_Assignment_.
Should an entry include a picture, omit the picture and still repeat everything else exactly.

_Data to use_.
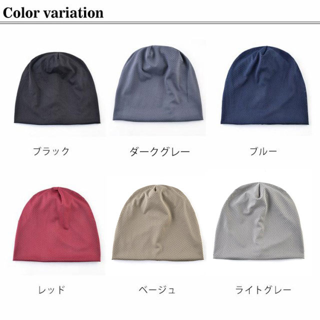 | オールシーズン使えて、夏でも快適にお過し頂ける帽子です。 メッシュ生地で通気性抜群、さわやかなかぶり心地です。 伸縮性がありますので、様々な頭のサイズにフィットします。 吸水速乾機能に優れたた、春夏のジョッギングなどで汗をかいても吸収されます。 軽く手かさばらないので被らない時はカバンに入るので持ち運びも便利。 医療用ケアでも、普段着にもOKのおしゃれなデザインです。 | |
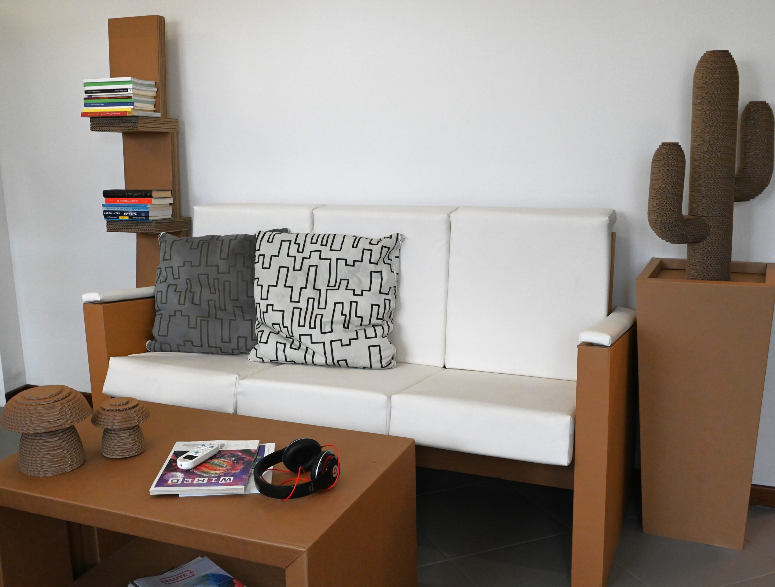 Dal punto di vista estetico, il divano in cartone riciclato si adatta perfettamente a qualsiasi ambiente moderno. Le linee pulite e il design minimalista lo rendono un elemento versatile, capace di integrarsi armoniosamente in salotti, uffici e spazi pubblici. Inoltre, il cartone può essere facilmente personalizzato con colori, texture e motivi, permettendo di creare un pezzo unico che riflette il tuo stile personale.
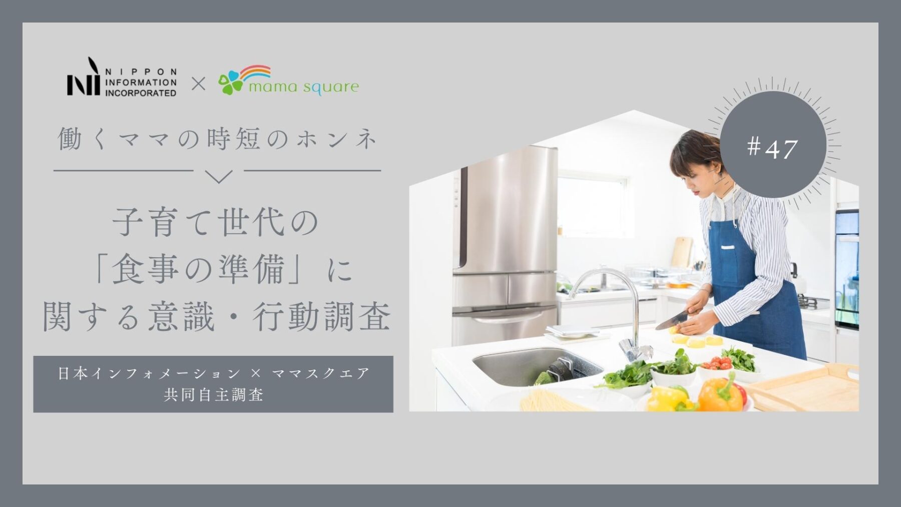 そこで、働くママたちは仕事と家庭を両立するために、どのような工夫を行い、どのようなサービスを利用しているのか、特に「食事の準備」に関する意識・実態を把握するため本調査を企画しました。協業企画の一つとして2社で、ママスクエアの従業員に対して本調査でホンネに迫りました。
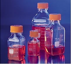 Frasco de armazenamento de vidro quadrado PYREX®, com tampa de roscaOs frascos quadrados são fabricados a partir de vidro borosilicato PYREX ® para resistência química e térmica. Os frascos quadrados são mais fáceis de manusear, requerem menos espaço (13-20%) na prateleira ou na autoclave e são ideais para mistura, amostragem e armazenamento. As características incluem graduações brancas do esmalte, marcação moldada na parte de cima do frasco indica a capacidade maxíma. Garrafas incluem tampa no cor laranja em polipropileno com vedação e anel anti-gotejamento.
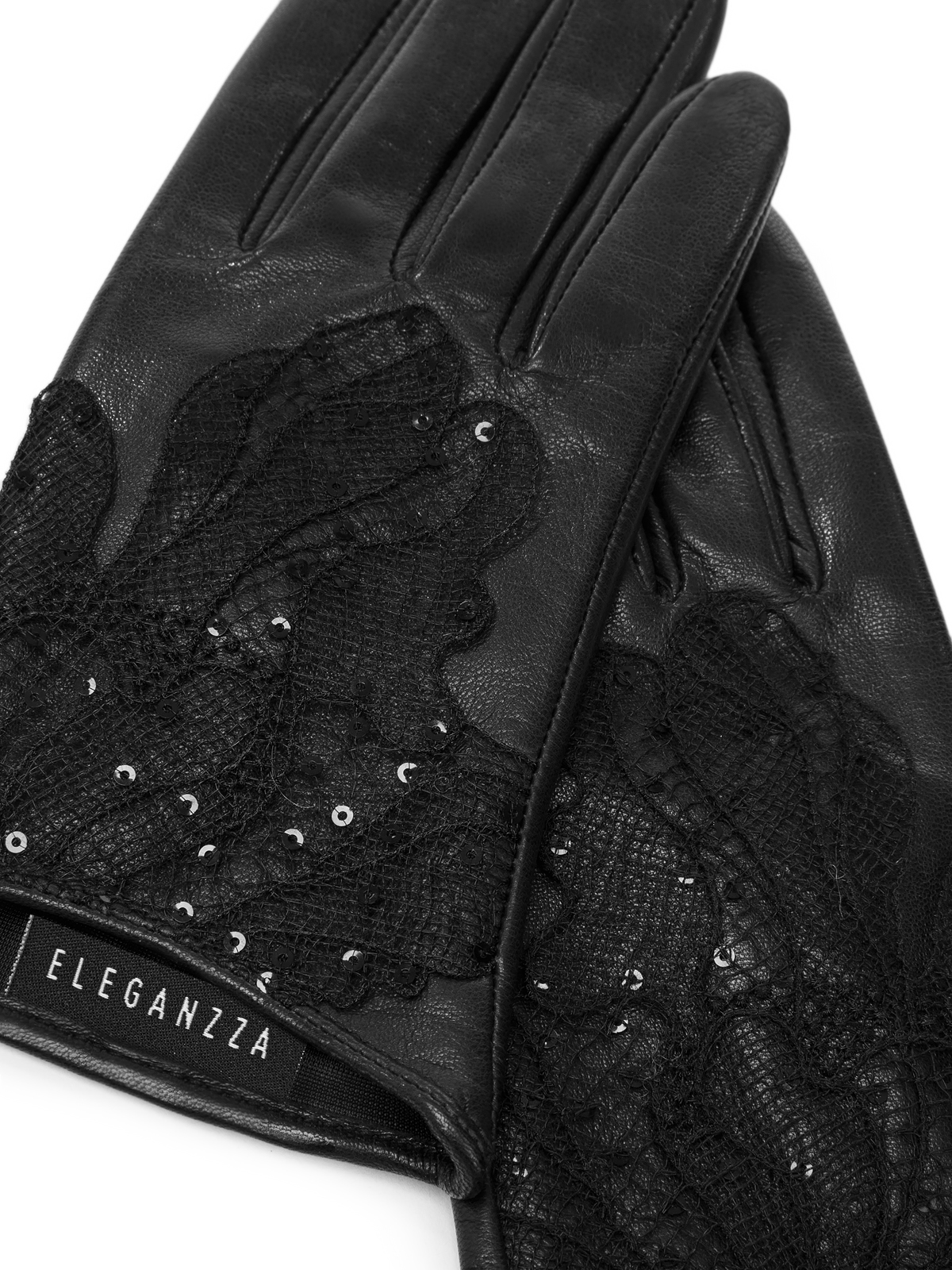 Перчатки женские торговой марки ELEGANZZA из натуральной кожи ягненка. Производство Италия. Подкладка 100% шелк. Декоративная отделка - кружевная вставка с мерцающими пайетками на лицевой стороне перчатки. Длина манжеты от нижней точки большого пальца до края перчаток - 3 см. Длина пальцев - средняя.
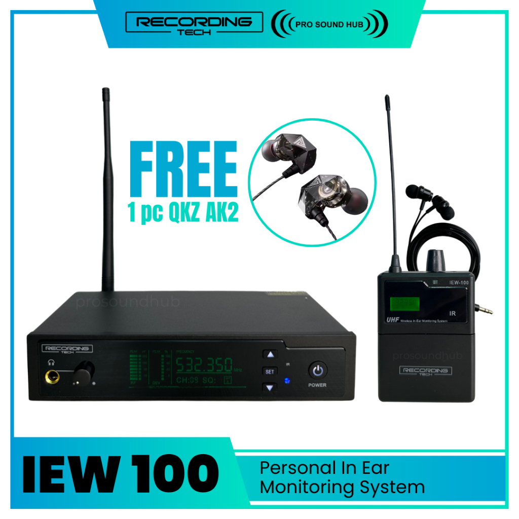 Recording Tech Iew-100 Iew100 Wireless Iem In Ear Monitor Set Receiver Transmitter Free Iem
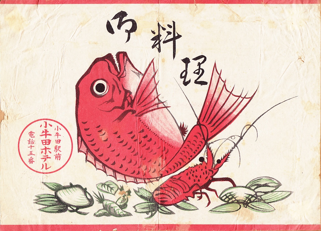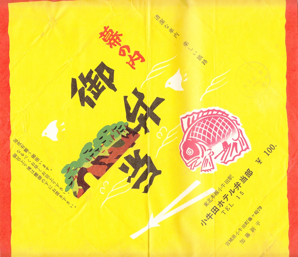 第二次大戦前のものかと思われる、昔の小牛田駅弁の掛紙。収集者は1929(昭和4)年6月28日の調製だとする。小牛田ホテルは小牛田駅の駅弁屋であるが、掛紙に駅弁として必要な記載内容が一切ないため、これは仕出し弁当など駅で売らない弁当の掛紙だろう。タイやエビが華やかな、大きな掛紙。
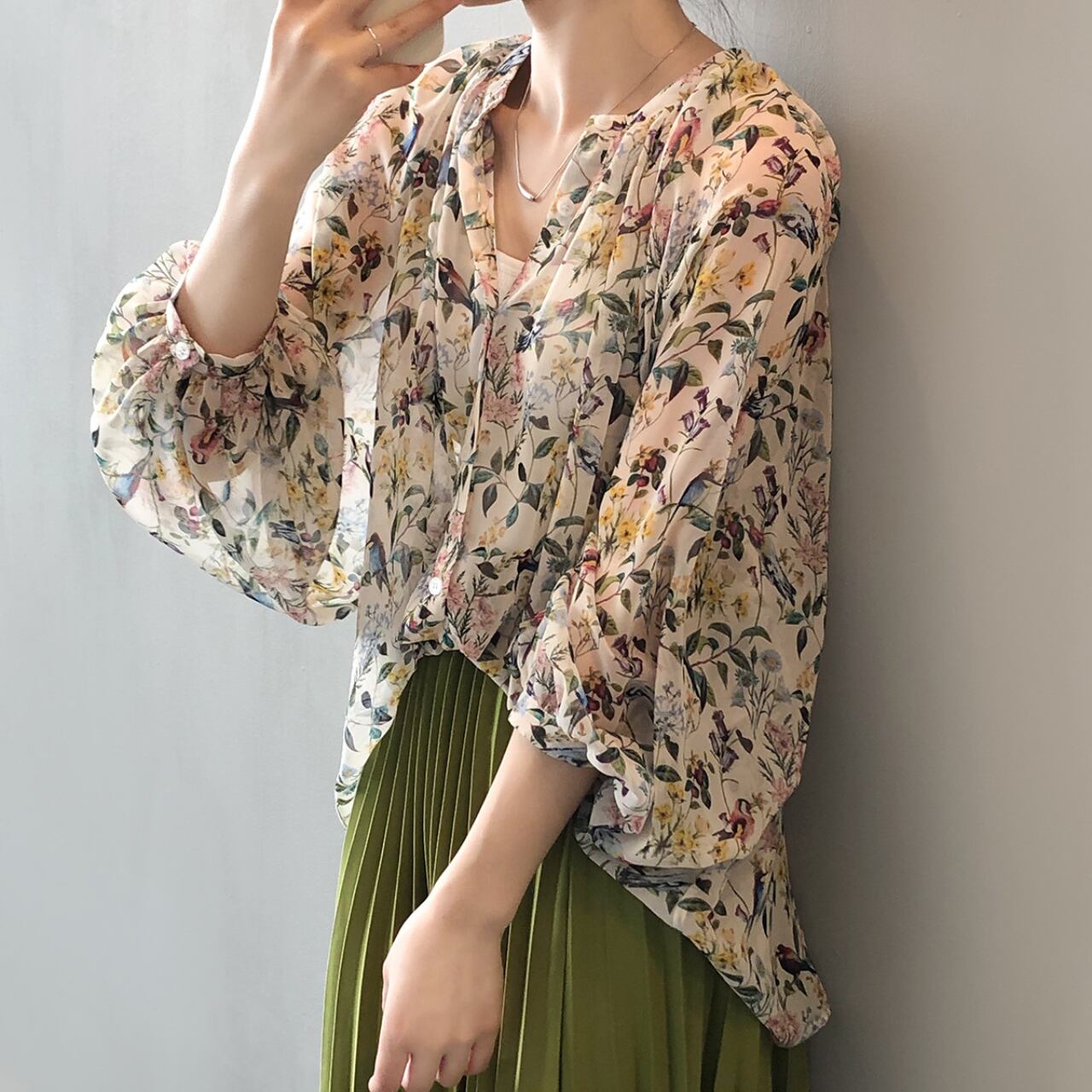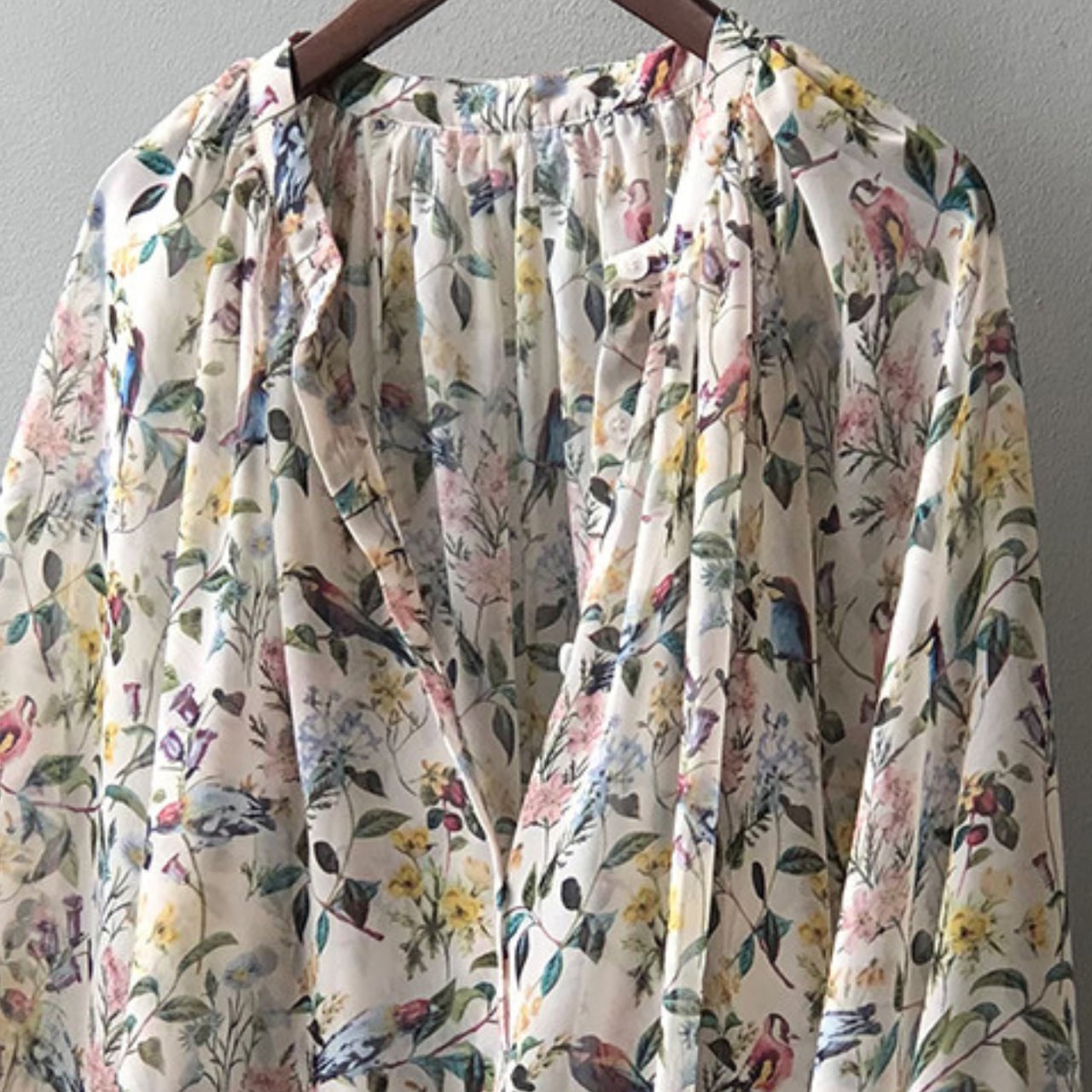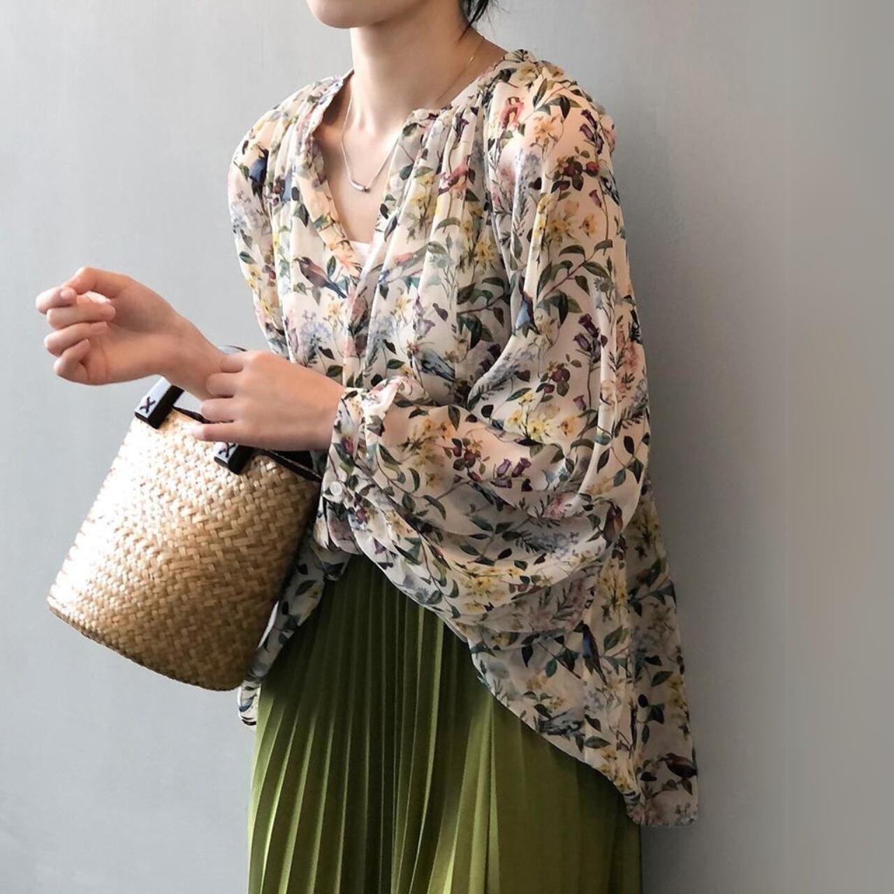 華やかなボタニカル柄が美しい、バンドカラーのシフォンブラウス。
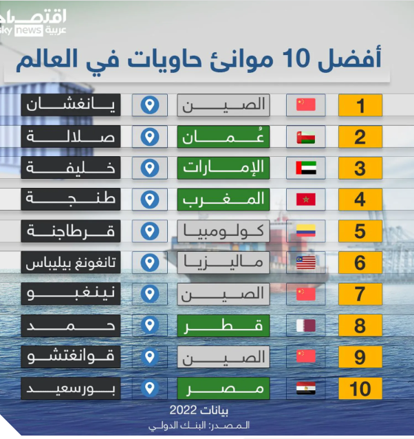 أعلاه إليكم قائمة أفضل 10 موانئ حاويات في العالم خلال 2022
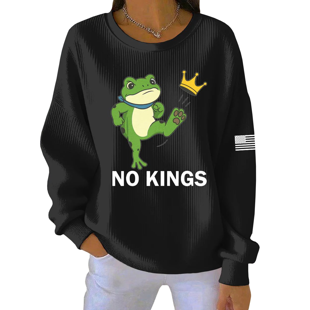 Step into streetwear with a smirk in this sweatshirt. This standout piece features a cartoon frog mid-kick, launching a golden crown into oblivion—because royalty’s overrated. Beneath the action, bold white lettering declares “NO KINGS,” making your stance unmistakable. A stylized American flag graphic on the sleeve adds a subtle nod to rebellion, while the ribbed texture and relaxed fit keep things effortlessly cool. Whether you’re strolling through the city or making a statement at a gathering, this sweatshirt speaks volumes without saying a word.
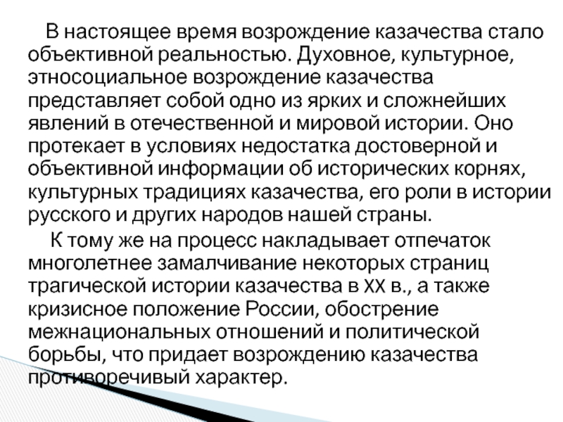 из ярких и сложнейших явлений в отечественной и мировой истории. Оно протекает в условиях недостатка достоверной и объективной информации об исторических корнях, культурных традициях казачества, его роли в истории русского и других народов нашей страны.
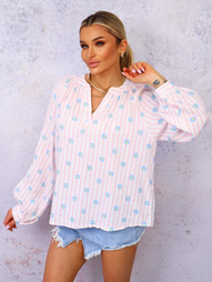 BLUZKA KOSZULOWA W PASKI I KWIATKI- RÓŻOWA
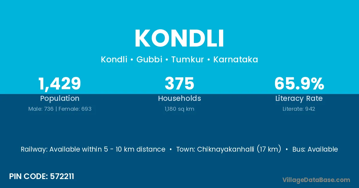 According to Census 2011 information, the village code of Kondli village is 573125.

_Result below_.
 | オールシーズン使えて、夏でも快適にお過し頂ける帽子です。 メッシュ生地で通気性抜群、さわやかなかぶり心地です。 伸縮性がありますので、様々な頭のサイズにフィットします。 吸水速乾機能に優れたた、春夏のジョッギングなどで汗をかいても吸収されます。 軽く手かさばらないので被らない時はカバンに入るので持ち運びも便利。 医療用ケアでも、普段着にもOKのおしゃれなデザインです。 | |
 Dal punto di vista estetico, il divano in cartone riciclato si adatta perfettamente a qualsiasi ambiente moderno. Le linee pulite e il design minimalista lo rendono un elemento versatile, capace di integrarsi armoniosamente in salotti, uffici e spazi pubblici. Inoltre, il cartone può essere facilmente personalizzato con colori, texture e motivi, permettendo di creare un pezzo unico che riflette il tuo stile personale.
 そこで、働くママたちは仕事と家庭を両立するために、どのような工夫を行い、どのようなサービスを利用しているのか、特に「食事の準備」に関する意識・実態を把握するため本調査を企画しました。協業企画の一つとして2社で、ママスクエアの従業員に対して本調査でホンネに迫りました。
 Frasco de armazenamento de vidro quadrado PYREX®, com tampa de roscaOs frascos quadrados são fabricados a partir de vidro borosilicato PYREX ® para resistência química e térmica. Os frascos quadrados são mais fáceis de manusear, requerem menos espaço (13-20%) na prateleira ou na autoclave e são ideais para mistura, amostragem e armazenamento. As características incluem graduações brancas do esmalte, marcação moldada na parte de cima do frasco indica a capacidade maxíma. Garrafas incluem tampa no cor laranja em polipropileno com vedação e anel anti-gotejamento.
 Перчатки женские торговой марки ELEGANZZA из натуральной кожи ягненка. Производство Италия. Подкладка 100% шелк. Декоративная отделка - кружевная вставка с мерцающими пайетками на лицевой стороне перчатки. Длина манжеты от нижней точки большого пальца до края перчаток - 3 см. Длина пальцев - средняя.
 Recording Tech Iew-100 Iew100 Wireless Iem In Ear Monitor Set Receiver Transmitter Free Iem
 第二次大戦前のものかと思われる、昔の小牛田駅弁の掛紙。収集者は1929(昭和4)年6月28日の調製だとする。小牛田ホテルは小牛田駅の駅弁屋であるが、掛紙に駅弁として必要な記載内容が一切ないため、これは仕出し弁当など駅で売らない弁当の掛紙だろう。タイやエビが華やかな、大きな掛紙。
 華やかなボタニカル柄が美しい、バンドカラーのシフォンブラウス。
 أعلاه إليكم قائمة أفضل 10 موانئ حاويات في العالم خلال 2022
 Step into streetwear with a smirk in this sweatshirt. This standout piece features a cartoon frog mid-kick, launching a golden crown into oblivion—because royalty’s overrated. Beneath the action, bold white lettering declares “NO KINGS,” making your stance unmistakable. A stylized American flag graphic on the sleeve adds a subtle nod to rebellion, while the ribbed texture and relaxed fit keep things effortlessly cool. Whether you’re strolling through the city or making a statement at a gathering, this sweatshirt speaks volumes without saying a word.
 из ярких и сложнейших явлений в отечественной и мировой истории. Оно протекает в условиях недостатка достоверной и объективной информации об исторических корнях, культурных традициях казачества, его роли в истории русского и других народов нашей страны.
 BLUZKA KOSZULOWA W PASKI I KWIATKI- RÓŻOWA
 According to Census 2011 information, the village code of Kondli village is 573125.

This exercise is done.